JP Morgan also rated mid-cap miners Polymetal International, up 27.5p to 624.5p, and African Barrick Gold, 5.9p stronger at 112.6p. They noted that these miners have “flexibility to reduce costs and protect free cash flow”.

Nat Rothschild’s Bumi was back in focus when the coal miner resumed trading after a three-month suspension. The London-listed coal producer is splitting the company after a long-running dispute between its founders, the Bakries and financier Rothschild.

Last week Bumi agreed to sell its 29.2 per cent interest in Indonesia’s Bumi Resources to the Bakrie Group for $501m (£327m) and Bumi’s chairman, Samin Tan, is buying the Bakries’ stake in the miner.

Shareholders have had a rough ride since it floated at 1,000p in 2010. It was down 22.3p to 237p yesterday. It wasn’t all bad news for Mr Rothschild, though. His oil explorer, Genel Energy, produced a positive update from the first horizontal well at the Tawke field in Kurdistan, where it owns 25 per cent. It edged up 6p to 933p.

The Kurdistan oil explorer Gulf Keystone Petroleum kissed and made up with shareholder M&G Recovery Fund and agreed to withdraw its opposition to four directors proposed by M&G. Gulf Keystone climbed 5p to 177.75p.

The US onshore oil group Magnolia Petroleum released a well update from its Bakken site and said it had more than doubled its production. Its shares rose 0.025p to 2.43p.

The emerald miner Gemfields reported its second largest total sales from an auction of emerald and beryl in Zambia. The group earned $31.5m from the auction in Lusaka and rose 1p to 21.63p.

Ceres Power, the fuel cell technology developer, signed a deal with Korea’s biggest manufacturer and supplier of domestic boilers and the shares heated up 0.15p to 9.3p.

Property adviser Sweett Group said trading was outpacing management expectations, with sales for the quarter at £19.1m, up from £17.3m, and shares gaining 5.5p gain to 31.5p.

BUY: ABCAM

Snap up shares in Abcam, Investec insists.
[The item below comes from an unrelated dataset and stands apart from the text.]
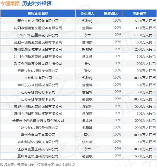 通过天眼查大数据分析,今创集团股份有限公司共对外投资了42家企业,参与招投标项目385次;财产线索方面有商标信息69条,专利信息462条,著作权信息19条;此外企业还拥有行政许可29个。据2024年报数据,今创集团商誉77.8万元,同比未变化。长期股权投资3.79亿元,同比增10.97%。

The broker thinks the Cambridge-based medical business produced a good update yesterday and expect the results for the year are likely to be slightly “ahead of consensus”. They rate it a buy with a 504p price target for shares that are 452p.
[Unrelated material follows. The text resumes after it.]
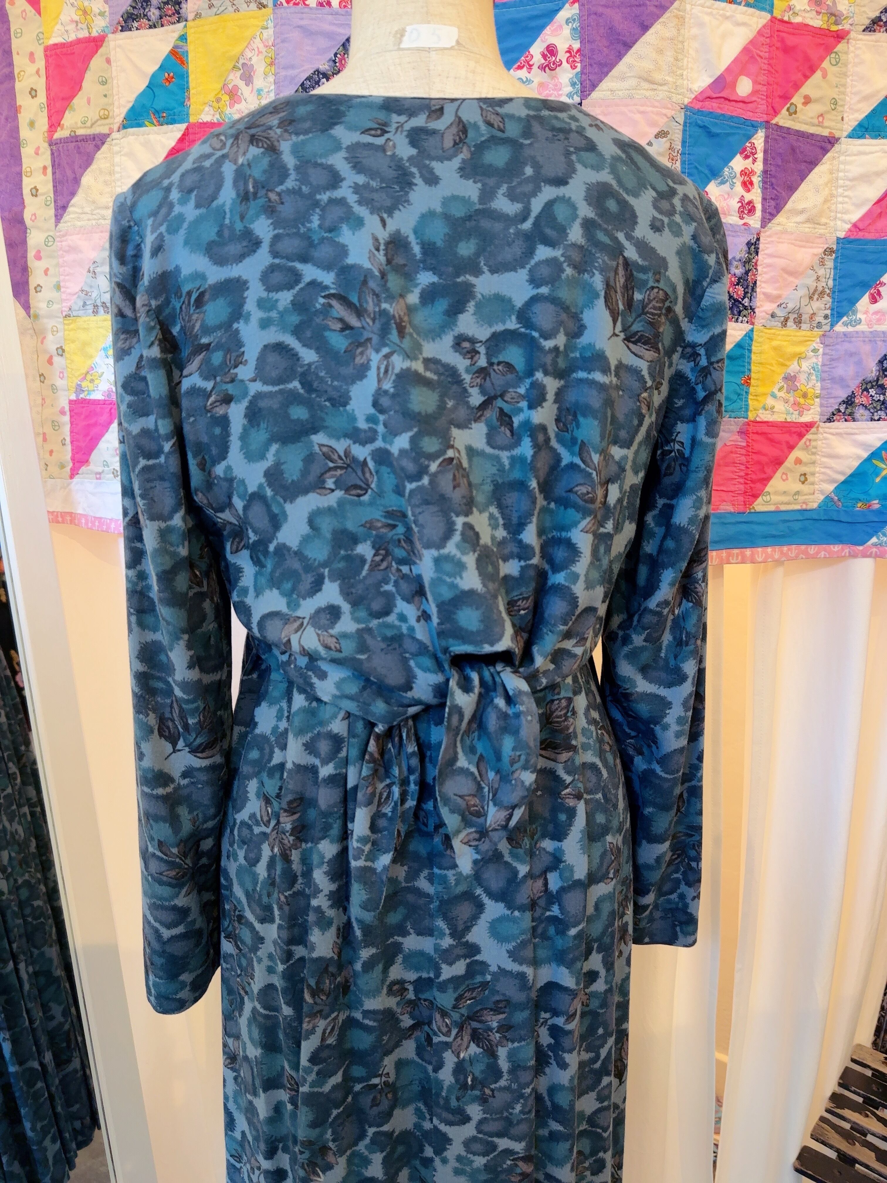 テキスタイルが目を引く、グリーンの植物柄ワンピースです。

SELL: LLOYDS BANKING GROUP

Flog shares in Lloyds Banking Group, Espirito Santo suggests. The broker thinks that the bank’s share price has been boosted by “greater visibility on capital, improving economic outlook and the Government’s Help-to-Buy”. But they think the valuation is too high and there is an overhang of risk until the Government sells its stake so they rate it a sell with a 59p price target for shares that are 69.21p.

HOLD: SEGRO

Hang on to the property group Segro, the broker Jefferies advises. It thinks the Slough-based property group’s sell-off of some of its assets is good news as it de-gears its balance sheet. But for now the sale proceeds will sit as cash until it can redeploy the funds, so it rates it just a hold, with a 244p price target for shares that are 306.6p.